> _Given data_:
========================================================================

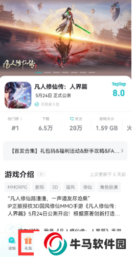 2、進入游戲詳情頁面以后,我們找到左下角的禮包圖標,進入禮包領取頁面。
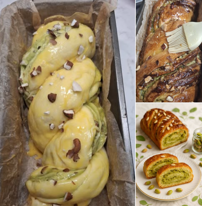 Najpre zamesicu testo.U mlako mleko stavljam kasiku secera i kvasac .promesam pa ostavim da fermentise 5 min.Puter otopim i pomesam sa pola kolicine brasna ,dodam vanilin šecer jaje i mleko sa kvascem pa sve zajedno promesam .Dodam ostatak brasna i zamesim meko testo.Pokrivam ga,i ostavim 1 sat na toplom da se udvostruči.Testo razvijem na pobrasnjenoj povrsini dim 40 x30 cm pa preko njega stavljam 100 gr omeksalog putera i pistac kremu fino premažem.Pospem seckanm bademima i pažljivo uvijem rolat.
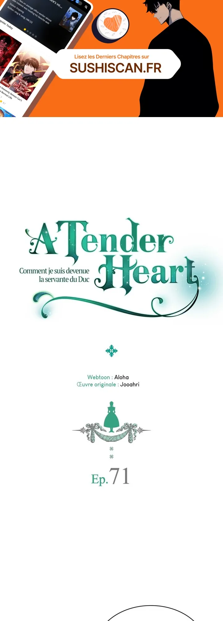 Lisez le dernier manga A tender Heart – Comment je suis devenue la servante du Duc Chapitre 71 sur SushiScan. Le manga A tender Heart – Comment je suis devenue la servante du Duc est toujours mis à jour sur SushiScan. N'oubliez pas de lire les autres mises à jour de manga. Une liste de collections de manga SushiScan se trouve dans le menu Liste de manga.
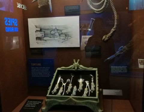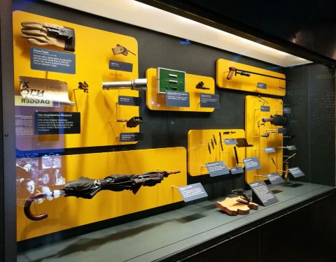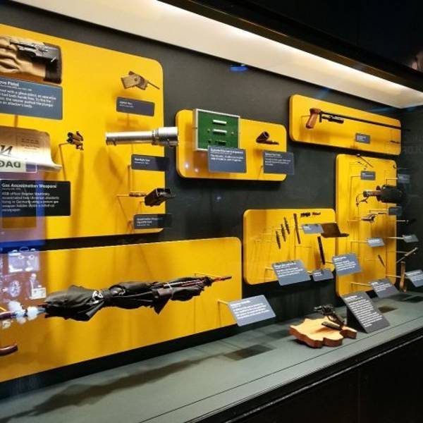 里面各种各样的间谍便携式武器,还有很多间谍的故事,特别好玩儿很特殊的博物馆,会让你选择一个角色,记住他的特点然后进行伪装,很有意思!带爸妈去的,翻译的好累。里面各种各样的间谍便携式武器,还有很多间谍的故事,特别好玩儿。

========================================================================

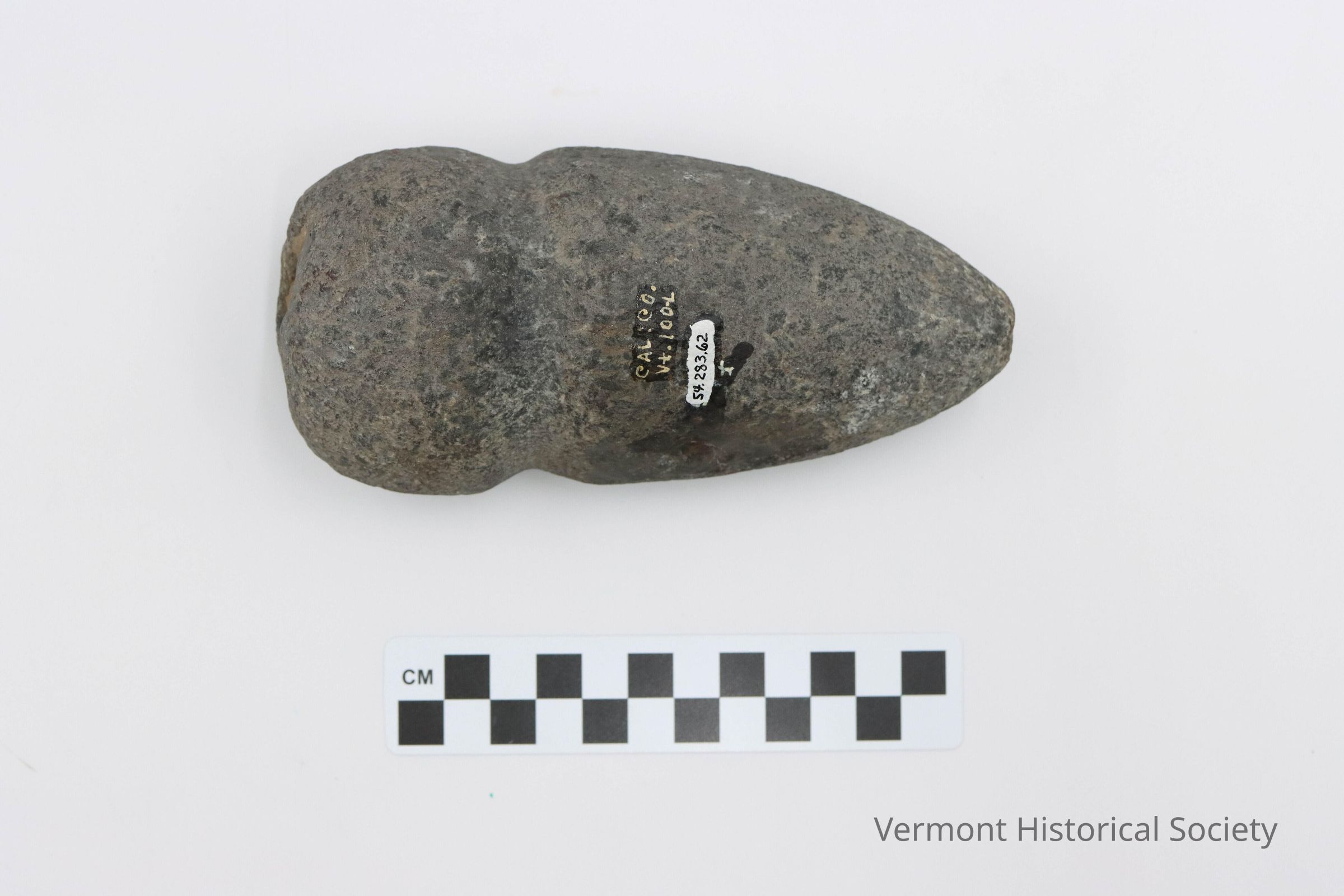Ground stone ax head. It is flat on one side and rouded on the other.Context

========================================================================

Since the pictures are not part of the copy, please transcribe only the lines above from the one with "2、進入游戲詳情頁面以后,我們找到左下角的禮包圖標,進入禮包領取頁面。" through the one with "Lisez le dernier", exactly and with both ends.

> _Answer box_:
 2、進入游戲詳情頁面以后,我們找到左下角的禮包圖標,進入禮包領取頁面。
 Najpre zamesicu testo.U mlako mleko stavljam kasiku secera i kvasac .promesam pa ostavim da fermentise 5 min.Puter otopim i pomesam sa pola kolicine brasna ,dodam vanilin šecer jaje i mleko sa kvascem pa sve zajedno promesam .Dodam ostatak brasna i zamesim meko testo.Pokrivam ga,i ostavim 1 sat na toplom da se udvostruči.Testo razvijem na pobrasnjenoj povrsini dim 40 x30 cm pa preko njega stavljam 100 gr omeksalog putera i pistac kremu fino premažem.Pospem seckanm bademima i pažljivo uvijem rolat.
 Lisez le dernier manga A tender Heart – Comment je suis devenue la servante du Duc Chapitre 71 sur SushiScan. Le manga A tender Heart – Comment je suis devenue la servante du Duc est toujours mis à jour sur SushiScan. N'oubliez pas de lire les autres mises à jour de manga. Une liste de collections de manga SushiScan se trouve dans le menu Liste de manga.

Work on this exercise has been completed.